Morgan Stanley's net income after payment of preferred stock dividends rose to US$1.09 per share from a loss of US$1.10 per share a year earlier, when it lost US$1.26 billion.

Earnings from continuing operations, which excludes special charges, were 80 US cents per share. Revenue jumped 53 percent to US$7.95 billion. Analysts polled by Thomson Reuters forecast earnings of 46 US cents per share on revenue of US$7.93 billion.

Morgan Stanley's results came a day after competitor Goldman Sachs Group Inc reported an 83 percent drop in profits as trading revenue fell sharply. Goldman also took charges to cover its civil fraud settlement with the Securities and Exchange Commission and costs tied to paying taxes on employee bonuses in Britain.
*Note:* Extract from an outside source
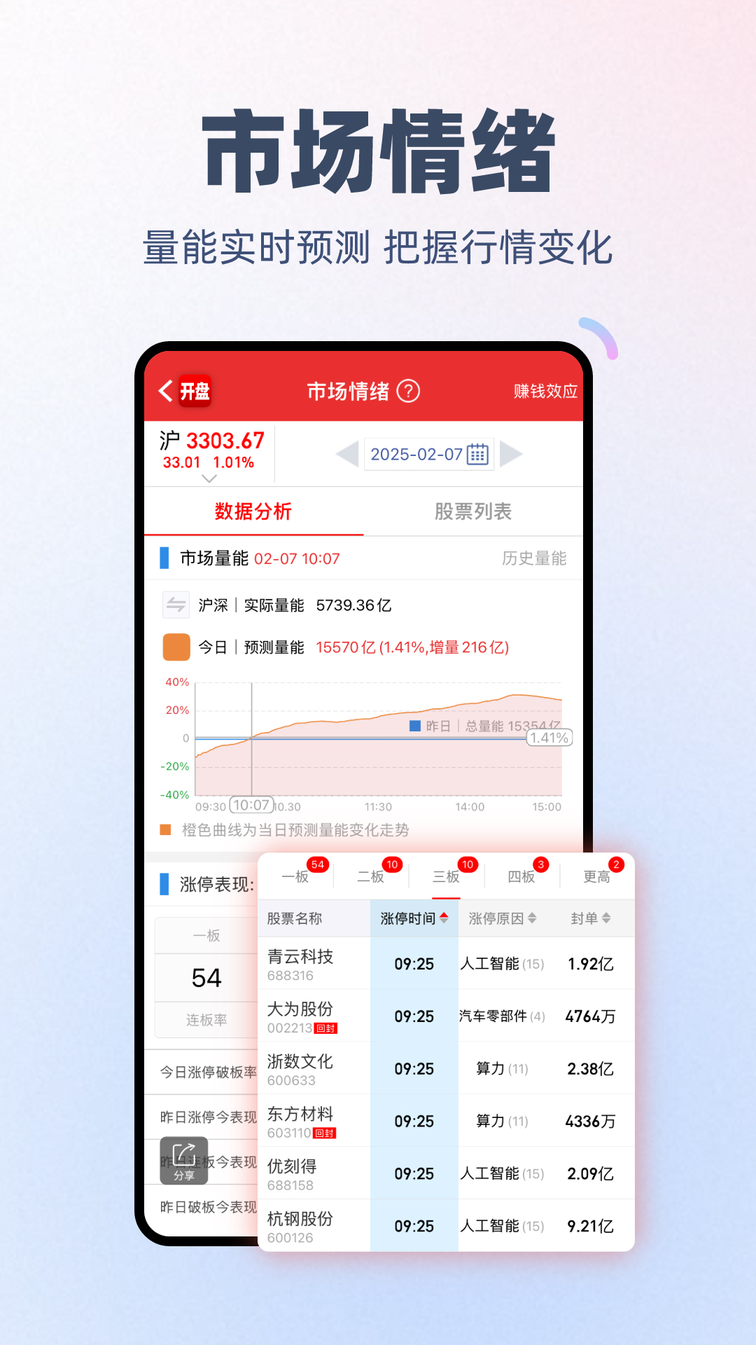 【专业、省时、高效的炒股票软件】 开盘啦,紧跟金融市场投资风格,打造一站式股票平台,从股市资讯挖掘股市热点,结合股市走势深入股票分析,全程提供客观的沪深行情数据。在博弈激烈的股票市场,是新手炒股入门、高手进阶必备的免费掌上证券 理财 股票工具。 【特色炒股功能】 明天炒什么:每日炒作风向标,大数据总结热门股市资讯,自动关联板块与个股; 题材库:题材爆发迅速响应,快速掌握炒作逻辑,小表格一图梳理题材相关产业链,方便收藏与分享; 竞价系统:打板模式利器。早盘竞价、板块竞价、竞价涨停委买等股票工具,实时竞价数据,综合资金、人气、题材进行多维股票分析,快速了解主力资金态度; 板块强度:开盘啦特色指标,由专业研究员精选概念组合,更贴合实际,结合板块权重表现与涨停数量,直观展示板块强度排行,准确把握每日股市炒作重心; 实时龙虎榜:实时监控主力资金动向,自由拖动时间轴、自定义时段,查看股票行情数据,资金布局轻松掌握; 市场情绪:实时跟踪、预测沪深两市量能,准确把握市场变盘节点。综合涨跌家数、涨停表现、大幅回撤以及权重表现综合评定沪深股市当前状态; 大盘直播:实时捕捉股市盘面重点信息,把握行情关键节点信号,展现盘面情绪、题材、个股之间的强弱变化,轻松掌握股市走势,减轻看盘负担; 复盘啦:当日盘面亮点梳理,亏钱效应提示,各板块核心个股整合,市场炒作高度梯队排列。功能在手,复盘无忧; 深度龙虎榜:全面的主力研究、游资解密,挖掘市场资金合力。关联个股协同操作营业部,设置特色标签、组合,如六一中路、方新侠、赵老哥、上海超短、炒股养家、作手新一、小鳄鱼等50多个官方组合一键订阅,还能自定义组合,高效追踪市场主力。评论区股票交流互动,更有游资大佬参与; 区间统计:特色时间轴,行情区间统计随意拉动,强势板块、阶段牛股无处遁形,股市走势一览无余; 功能介绍:开盘啦功能教程集合,案例百科包含超短情绪、题材挖掘、趋势波段、股东牛散,给你使用灵感。用好开盘啦,走遍股市都不怕。 开盘啦股票软件凭借过硬的实力和创新能力,在同花顺、东方财富、通达信等众多金融理财股市软件中杀出一条血路,与财联社同类新媒体共同进步,感谢一直信任支持我们的各位投资者,希望开盘啦会一直是您心仪的股票软件。 让我们共享股市,一起开盘啦! 【联系我们】 如果您对软件有任何建议和意见,欢迎与我们联系,感谢支持! 官网:https://www.kaipanla.com/ 微信公众号:开盘啦APP(kaipanlaapp) 微博:开盘啦APP官微 https://weibo.com/u/6609702412 QQ(小虎君):1808991075 QQ(小龙君):2448625142 投资有风险,入市需谨慎!

The slowdown from the market wasn't as pronounced at Morgan Stanley, which saw trading revenue fall 11 percent to US$3.35 billion compared with the first quarter.

Morgan Stanley was criticized last year for being too passive in its trading and missing out on some of the big profits that other banks made during the stock market's big rally. Trading revenue nearly doubled from the second quarter last year.

Morgan Stanley also has a huge retail brokerage business that it draws much of its revenue from, unlike Goldman Sachs, which is highly reliant on institutional clients for its business.

The brokerage unit, Morgan Stanley Smith Barney, generated US$3.07 billion in revenue in the second quarter, compared with US$1.92 billion during the year-ago period.